Not really. The short term solution would have been bug 1095620, but the blocking bug 1074961 took almost 2 months more to complete than expected due to existing wrongness. I think we're going to have to let this ride for another release. :-(
Flags: needinfo?(terrence)
Comment 10•10 years ago
|
||
Thanks terrence! I will go ahead and mark it wontfix for 34 then. Our overall crash rate for 34 is looking pretty good actually!
I feel that you should have this animated gif of a kitten with a butterfly:
http://image.blingee.com/images19/content/output/000/000/000/7a9/785756861_1112924.gif
Comment 11•10 years ago
|
||
Our fork of jemalloc now caches up to 128 chunks worth of memory (bug 1073662), and may be getting a variant of the GC allocation logic (bug 1005844). Once we have both, it might be a good idea to see if we can rip out the GC allocation logic in favor of making jemalloc do the heavy lifting, so the GC can benefit from the recycled chunks.
Unfortunately, the chunk recycling logic fundamentally cannot handle chunks of different sizes on Windows, so it is limited to chunksized allocations there (so it won't help with, say, allocating the nursery itself). I'm also not sure if jemalloc actually *exposes* a way to choose the desired alignment, but I'm sure we can make it do so.
Also note that if the patch in bug 1005844 is rejected, I do not think we should unify the logic as it will be a step backward for the GC (just caching chunks does not help use all available chunks in high fragmentation situations).
Comment 12•10 years ago
|
||
This is at #19 for ff35, marking wontfix given we have nothing new to try and bug 1074961 is resolved on 36, we should be OK shipping with this but seeing reduced/no volume in the 36 release.
Comment 13•10 years ago
|
||
Yepp, still exists in the 35.0.1.
Firefox 35.0.1 Crash Report [@ OOM | unknown | js::CrashAtUnhandlableOOM(char const*) | js::Nursery::moveToTenured(js::gc::MinorCollectionTracer*, JSObject*) ]

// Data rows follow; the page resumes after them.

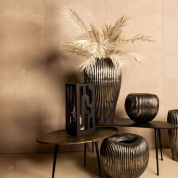 SOORTFijne set van drie plantentafels in antiek aluminiumlook. De verschillende hoogtes zorgen voor een visueel stijlvol effect. Het ontwerp is luxe en een tikkeltje stoer. Geef je bloempotten de zichtbare en stralende plek die ze verdienen.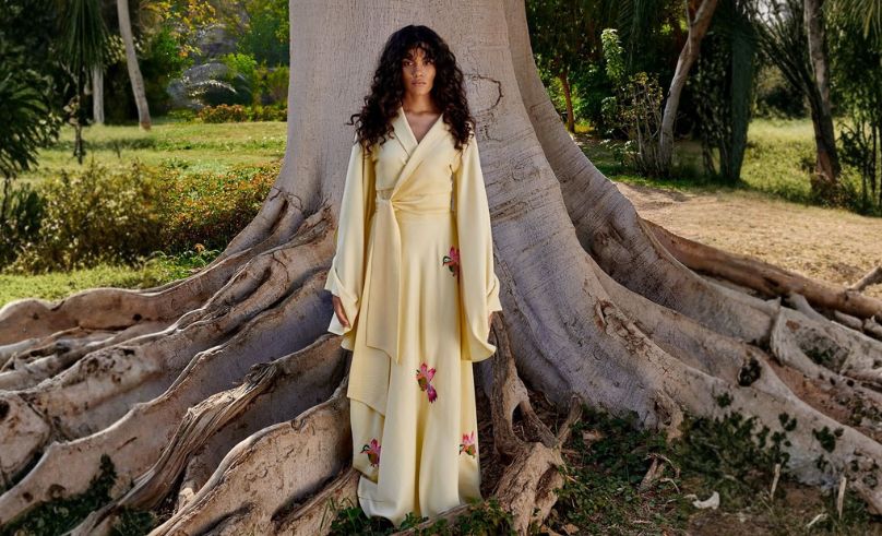 Razan Al Azzouni’s Oyster Dress gives the palette a playful, sculptural twist. Short, structured and detailed, it reads like eveningwear that doesn’t take itself too seriously. The Buttermilk tone keeps the silhouette light - perfect for weddings, rooftop dinners and every “I need something pretty but not loud” event in between.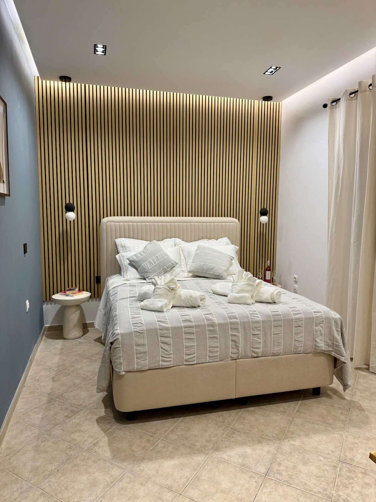 Studio with garden , ideal for couples , away from noizy streets 10 minutes walking from the beach ! The apartment is equipped with kitchen,air condition,private bathroom,wireless internet, Cable Tv 32 inches , private garden and free onsite parking ! The bathroom offers a shower, bathrobes and free toiletries. The kitchen is equipped with a fridge, kitchenware and a stove

https://crash-stats.mozilla.com/report/index/f2bfa16c-6386-4258-8219-0d9c82150129
but if it's fixed for 36, let's let it rest.
Comment 14•10 years ago
|
||
initially wanted to leave this thread in peace, but my system fails with this several times a day...
the last two
https://crash-stats.mozilla.com/report/index/75fb60a5-842b-4e4d-b52a-ceadf2150204
https://crash-stats.mozilla.com/report/index/800f9df1-bd6d-4ac5-8c6c-447912150204
will have to stop watching youtube playlists...
Comment 15•10 years ago
|
||
This is the #15 topcrash on Firefox 36.0b with a high number of crashes still in 36.0b5. Not in the top 10 but significantly high volume.
Comment 16•10 years ago
|
||
This may be fixed in 36.0b6 actually. Kairo is there enough data by now to judge or should it wait another day?
Flags: needinfo?(kairo)
Comment 17•10 years ago
|
||
(In reply to Liz Henry :lizzard from comment #16)

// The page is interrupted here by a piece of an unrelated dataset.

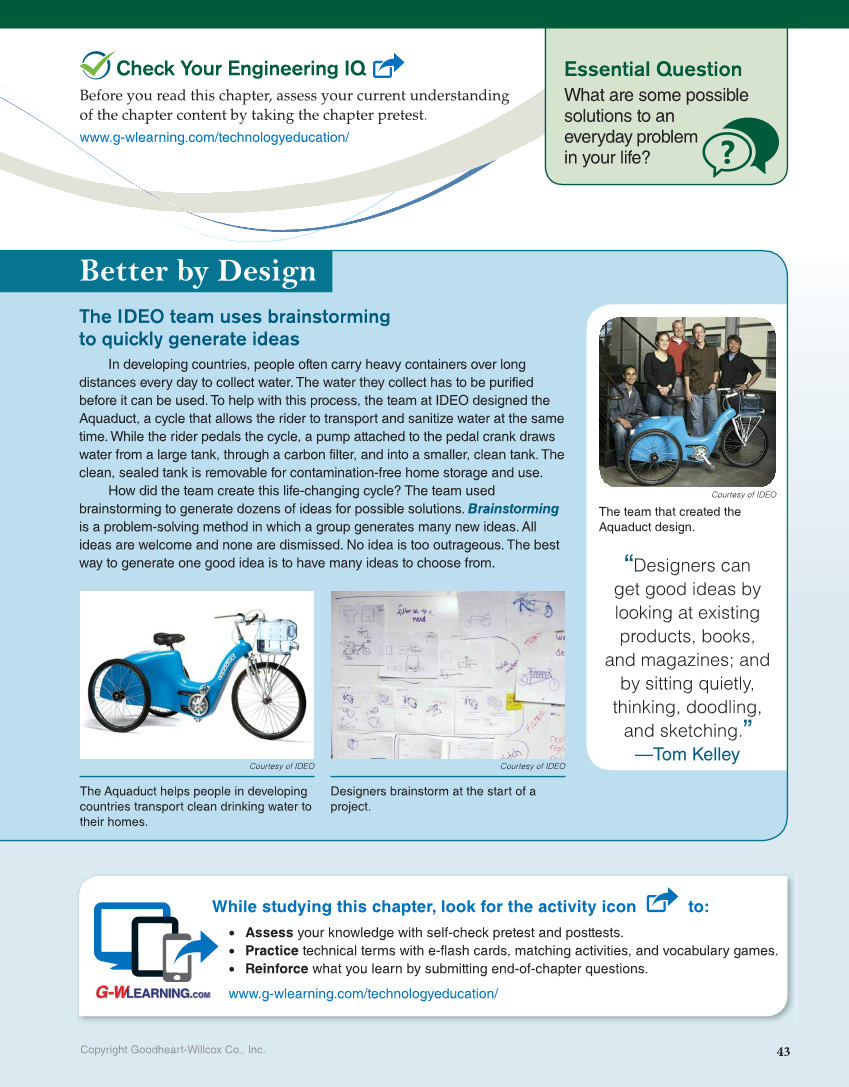 43 Copyright Goodheart-Willcox Co., Inc. Better by Design Better by Design Check Your Engineering IQ Before you read this chapter, assess your current understanding of the chapter content by taking the chapter pretest. www.g-wlearning.com/technologyeducation/ Courtesy of IDEO The team that created the Aquaduct design. “Designers can get good ideas by looking at existing products, books, and magazines and by sitting quietly, thinking, doodling, and sketching.” —Tom Kelley While studying this chapter, look for the activity icon to: • Assess your knowledge with self-check pretest and posttests. • Practice technical terms with e-flash cards, matching activities, and vocabulary games. • Reinforce what you learn by submitting end-of-chapter questions. www.g-wlearning.com/technologyeducation/ Essential Question What are some possible solutions to an everyday problem in your life? The IDEO team uses brainstorming to quickly generate ideas In developing countries, people often carry heavy containers over long distances every day to collect water. The water they collect has to be purified before it can be used. To help with this process, the team at IDEO designed the Aquaduct, a cycle that allows the rider to transport and sanitize water at the same time. While the rider pedals the cycle, a pump attached to the pedal crank draws water from a large tank, through a carbon filter, and into a smaller, clean tank. The clean, sealed tank is removable for contamination-free home storage and use. How did the team create this life-changing cycle? The team used brainstorming to generate dozens of ideas for possible solutions. Brainstorming is a problem-solving method in which a group generates many new ideas. All ideas are welcome and none are dismissed. No idea is too outrageous. The best way to generate one good idea is to have many ideas to choose from. Courtesy of IDEO The Aquaduct helps people in developing countries transport clean drinking water to their homes. Courtesy of IDEO Designers brainstorm at the start of a project.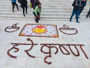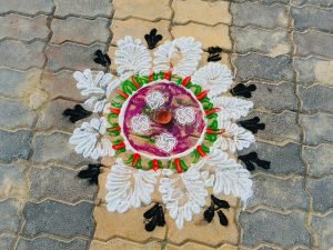 प्रभु श्री रामचंद्र के भव्य स्वागत हेतु संपूर्ण मंदिर परिसर में 108 आकर्षक रंगोलिया बनाई गई।

> This may be fixed in 36.0b6 actually. Kairo is there enough data by now to
> judge or should it wait another day?
It's still #8 but it's in a similar position in 35, and we've always had GC crashes around there, so I'm not that concerned about the signature itself. Now if we find reproducible cases, we surely want to look into them, and if the JS team might have a good idea what's going on here then as well, but otherwise it doesn't sound very actionable to me.
Flags: needinfo?(kairo)
Comment 18•10 years ago
|
||
Uhg, so bug 1074961 was supposed to make it so that we could easily do something like bug 1073662 and keep more memory live to use as a buffer. But it turns out that to do that safely (e.g. without causing OOM elsewhere), we really need to be able to estimate when our GC triggers are going to fire. Currently our GC triggers are a catastrophe: 5+ years of ad-hoc additions, each their own special snowflake. You can read about the current situation at [1] and the work to fix them is ongoing at [2]. We can at least see the light at the end of the tunnel finally, but I'm afraid none of this is going to be suitable for uplift. In the meantime, I'll keep trying to think of a safe shorter term solution as I continue getting more and more context on the problem.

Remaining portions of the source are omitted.